Tourbillon - Mechanics of The Tourbillon

Mechanics of The Tourbillon

Gravity has a direct effect on the most delicate parts of the escapement, namely the pallet fork, balance wheel and hairspring. Most notably is the hairspring, which functions as the timing regulator for the escapement and is thus the part most sensitive to any exterior effects, such as magnetism, shocks, temperature, as well as inner effects such as pinning positions (inner collet), terminal curve, and heavy points on the balance wheel.

Many inventions have been developed to counteract these problems. Temperature and magnetism have been eliminated as problems with new materials. Shocks have much less effect today than at Breguet's time thanks to stronger and more resistive materials. The escapement still gets deregulated at the moment of the shock, but the hairspring does not get as easily deformed from shocks as before.
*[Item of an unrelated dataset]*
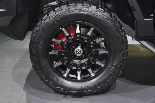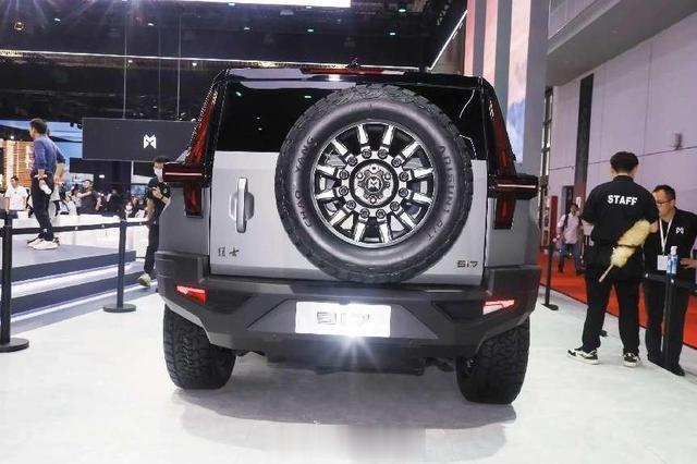 光听名字就知道这是一款“硬汉风”的车型,猛士917的外观非常粗犷,前脸元素复杂,大尺寸的进气格栅,内部为蜂窝状结构,中间嵌入了造型别致的车标。两侧的日间行车灯为十字形,尤其是点亮之后更显锋芒。猛士917的车头采用了大量的折线勾勒,再搭配上钛金灰磨砂质感涂装,呈现出浓烈的机甲风格,非常具有攻击性。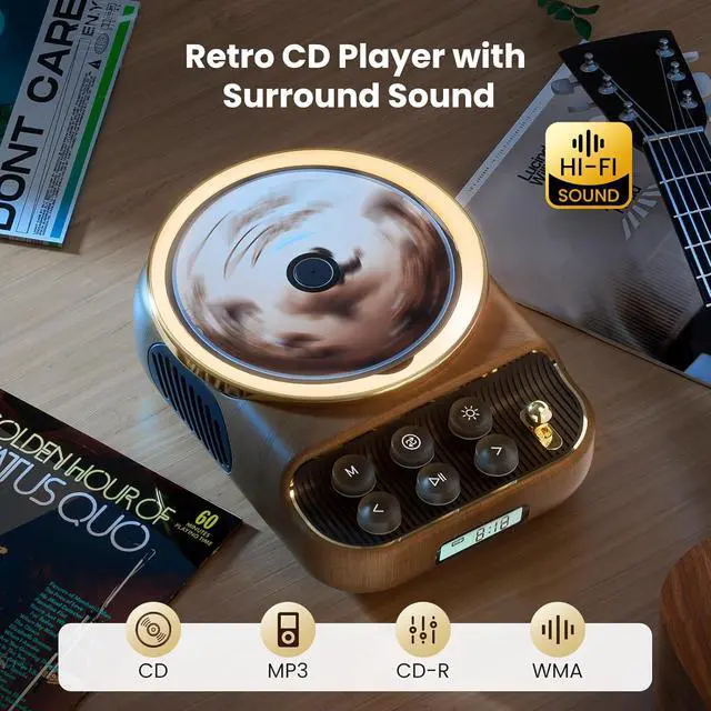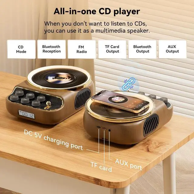 Retro CD Player with 5.4 Bluetooth Speaker: The retro CD player combines classic records with modern wireless technology. Whether playing CD or Bluetooth music, you can enjoy the shocking HI-FI bass and clear treble brought by the 10W dual stereo speakers. The LCD display clearly displays the play mode (CD/Bluetooth/FM/TF card), and the operation is clear at a glance.

Gravity comes into play on the remaining effects. One of them is easily taken away, namely heavy points on the balance wheel. This leaves pinning point and terminal curve. Both of these add a lot of variation to the regulation of a watch; assembly, regulation adjustments by the watchmaker, positioning in the watch, and later position changes by the owner. As the balance wheel goes from one extreme position to the other in its swing back and forth, the hairspring's coils extend and contract a great deal, leading to problems that are extremely hard to counteract. Some have tried using hairsprings that are cylindrical or even spherical instead of flat as is prominent today. Some variations of Breguet's overcoil have been developed to counteract the effects of the terminal curve. As for the pinning point, Grossmann, Berthoud, Breguet, Caspari and Leroy tried many different possibilities, but not much improvement was gained.

The biggest obstacle for a watchmaker regulating a watch, even today, is getting a similar result from the escapement no matter the position it is kept in. This has been made infinitely easier with accurate timing machines which give instantaneous timing results, whereas in Breguet's time all that watchmakers had was another watch to regulate from. So, results were not very exact and it could take weeks to get them. Effects of gravity on an escapement can have quite significant effects with slight variations of position. Even if a pocket watch was most of the time in a breast pocket, the exact position could still vary over 45°. A tourbillon quite neatly takes away this problem. The watchmaker now only needs to regulate for 3 different positions, instead of 6 like before. Those are two horizontal positions, dial up and down, and four vertical positions, crown at 12, 3, 6 and 9 o'clock.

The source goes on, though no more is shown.